> [Records for this exercise]
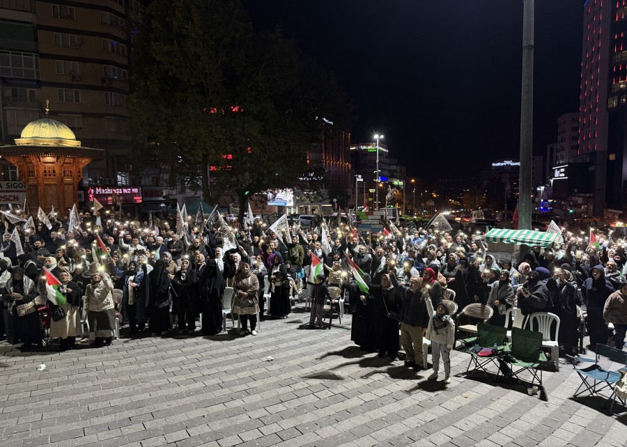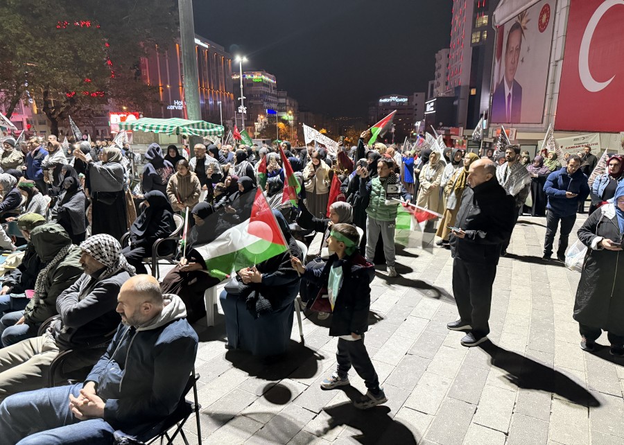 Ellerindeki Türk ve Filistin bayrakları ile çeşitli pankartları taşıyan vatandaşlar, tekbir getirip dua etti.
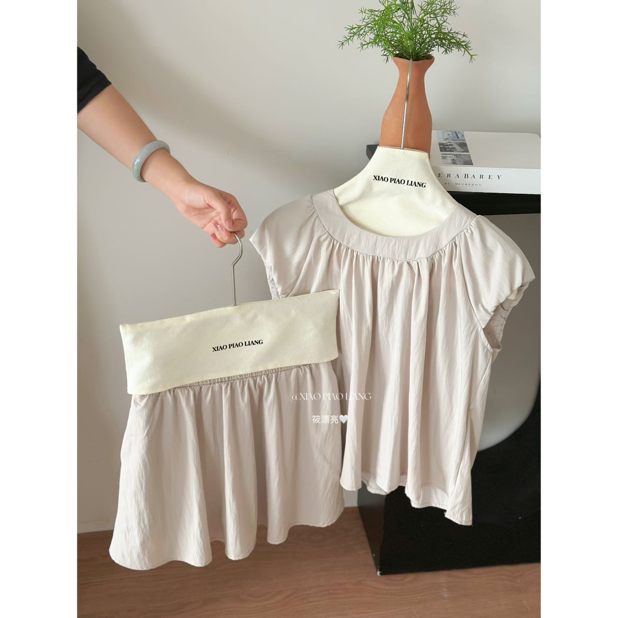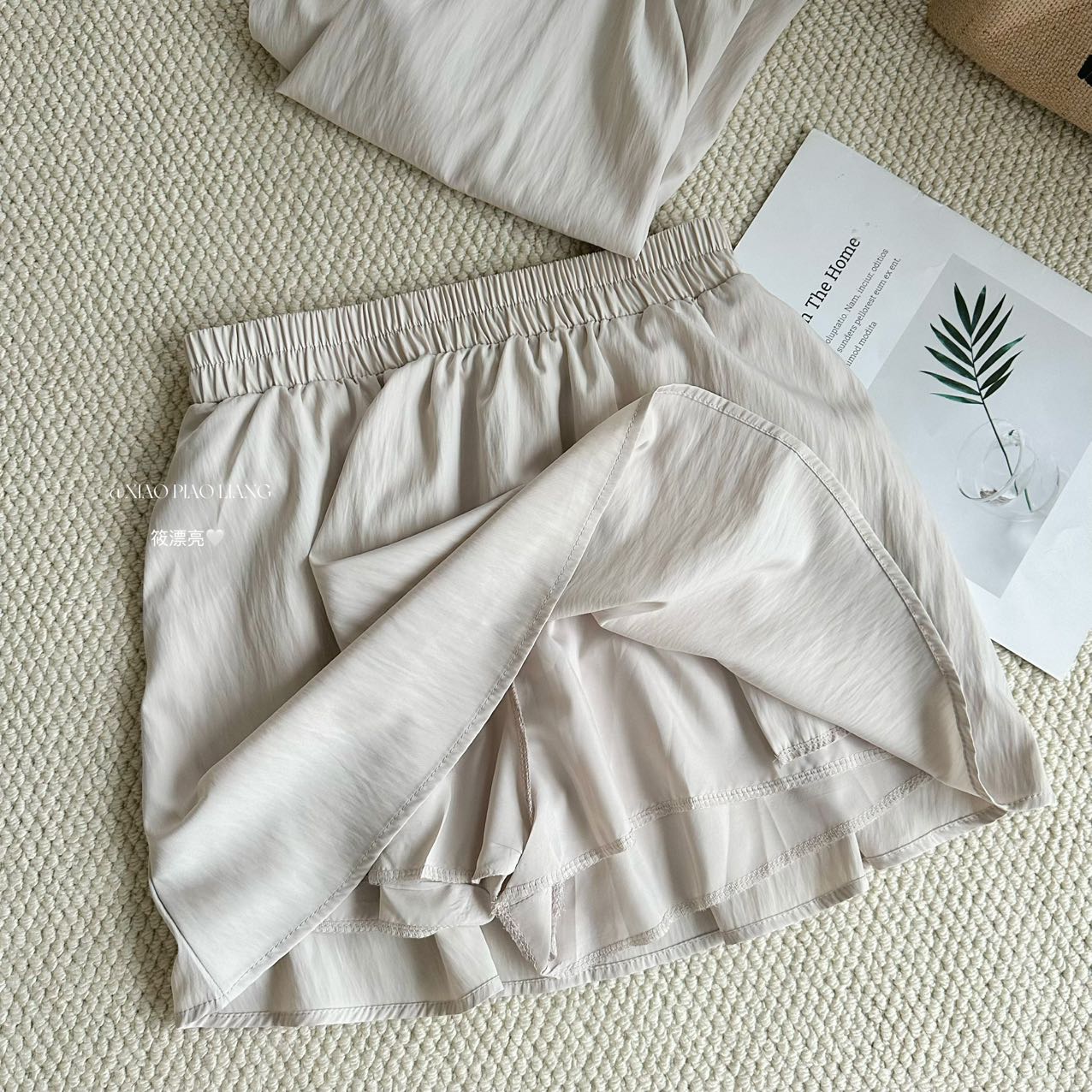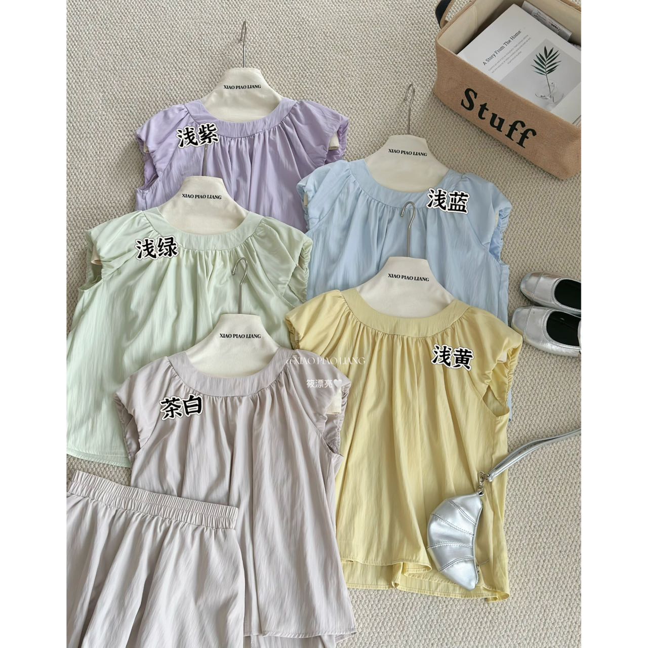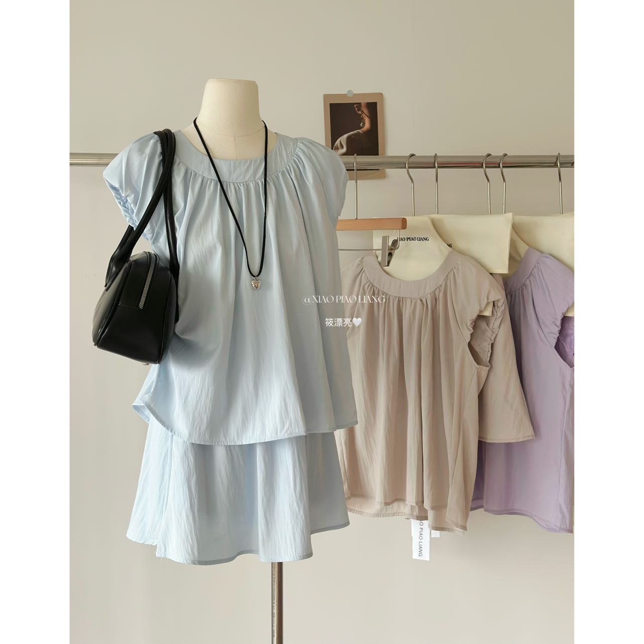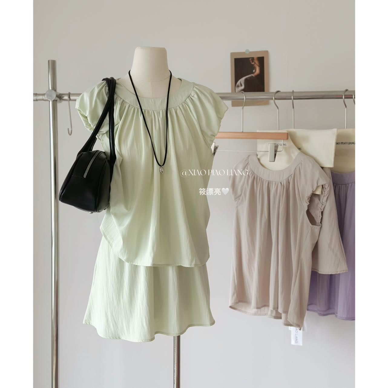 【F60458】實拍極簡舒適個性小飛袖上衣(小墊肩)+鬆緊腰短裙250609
---
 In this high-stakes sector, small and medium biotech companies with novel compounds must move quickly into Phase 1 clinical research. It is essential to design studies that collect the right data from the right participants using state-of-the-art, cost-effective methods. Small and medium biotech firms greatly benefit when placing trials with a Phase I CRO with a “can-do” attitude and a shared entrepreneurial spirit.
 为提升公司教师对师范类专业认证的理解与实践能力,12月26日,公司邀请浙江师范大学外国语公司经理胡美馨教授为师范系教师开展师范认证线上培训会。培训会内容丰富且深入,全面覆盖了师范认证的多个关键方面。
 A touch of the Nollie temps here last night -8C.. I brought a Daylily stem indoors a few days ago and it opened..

> [What the exercise asks] For this exercise, output exactly the lines above from the line with "为提升公司教师对师范类专业认" to the line with "A touch of the", counting both, and leave out the rest.

> [Written response]
 为提升公司教师对师范类专业认证的理解与实践能力,12月26日,公司邀请浙江师范大学外国语公司经理胡美馨教授为师范系教师开展师范认证线上培训会。培训会内容丰富且深入,全面覆盖了师范认证的多个关键方面。
 A touch of the Nollie temps here last night -8C.. I brought a Daylily stem indoors a few days ago and it opened..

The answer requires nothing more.